#### DD4WH

##### Well-known member

To test T4 performance I extracted the fast convolution filtering code from my SDR and tested it with the Teensy 4.0 and the Teensy audio board. Both were connected with flying wires (MCLK with 100ohms series resistor).

The code takes stereo I2S input and performs bandpass filtering of both channels simultaneously (in one complex FFT/cplxmultiply/iFFT operation) and outputs them as I2S output to the SGTL5000 outputs.

You can choose the FFT size (equivalent to steepness of the filter skirts / number of FIR filter taps).

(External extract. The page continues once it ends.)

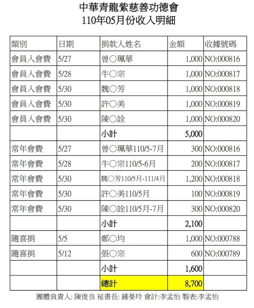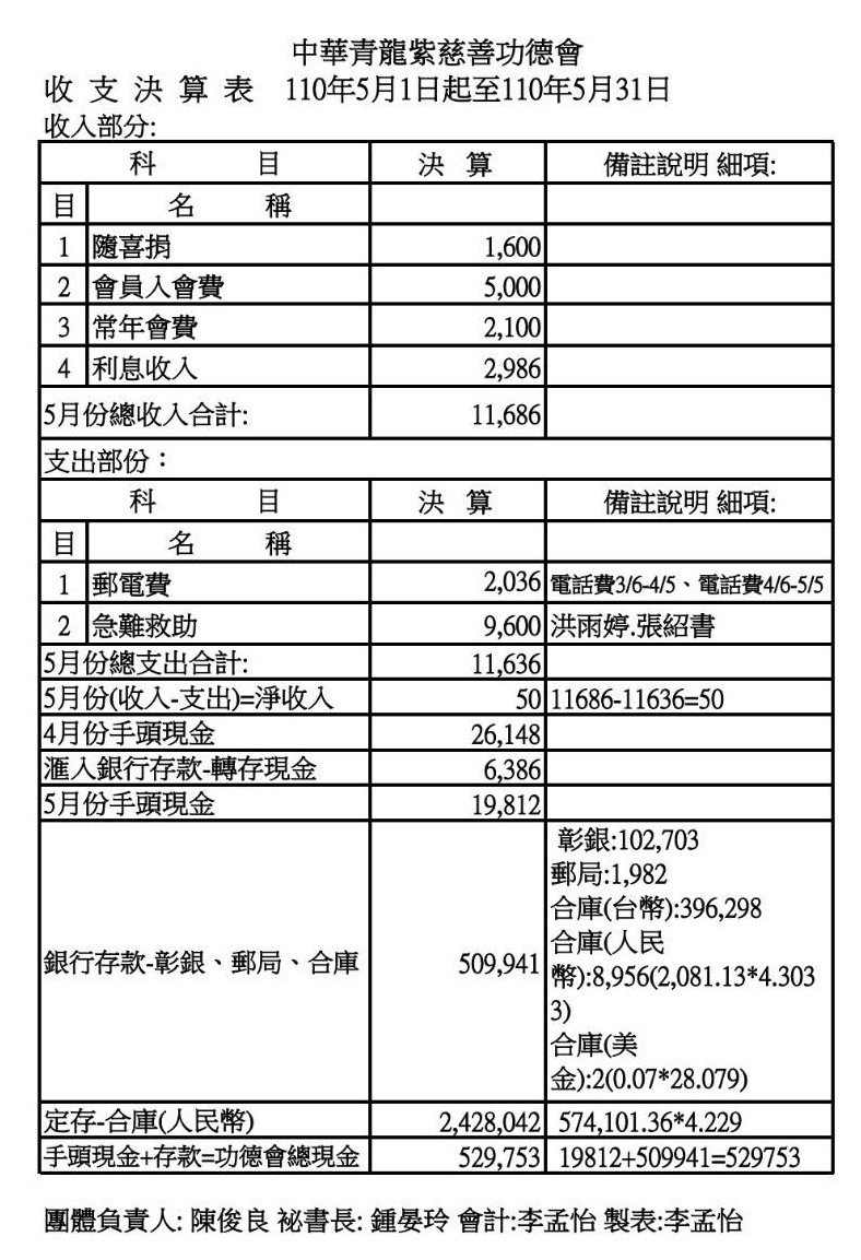 110年5月收支決算表與收入明細表

It uses fast convolution with overlap & save and 50% overlap and 4-term-Blackman-Harris-windowing. You can alter the FFT size [256, 512, 1024, 2048, 4096], which is equivalent to number of FIR taps [129, 513, 1025, 2049] and the FFT window. Also try to change the lower and upper bandpass cutoff frequency for the filter.

The filter response with a 4096-sized FFT has skirts so steep, that you will never want any larger filter response ;-).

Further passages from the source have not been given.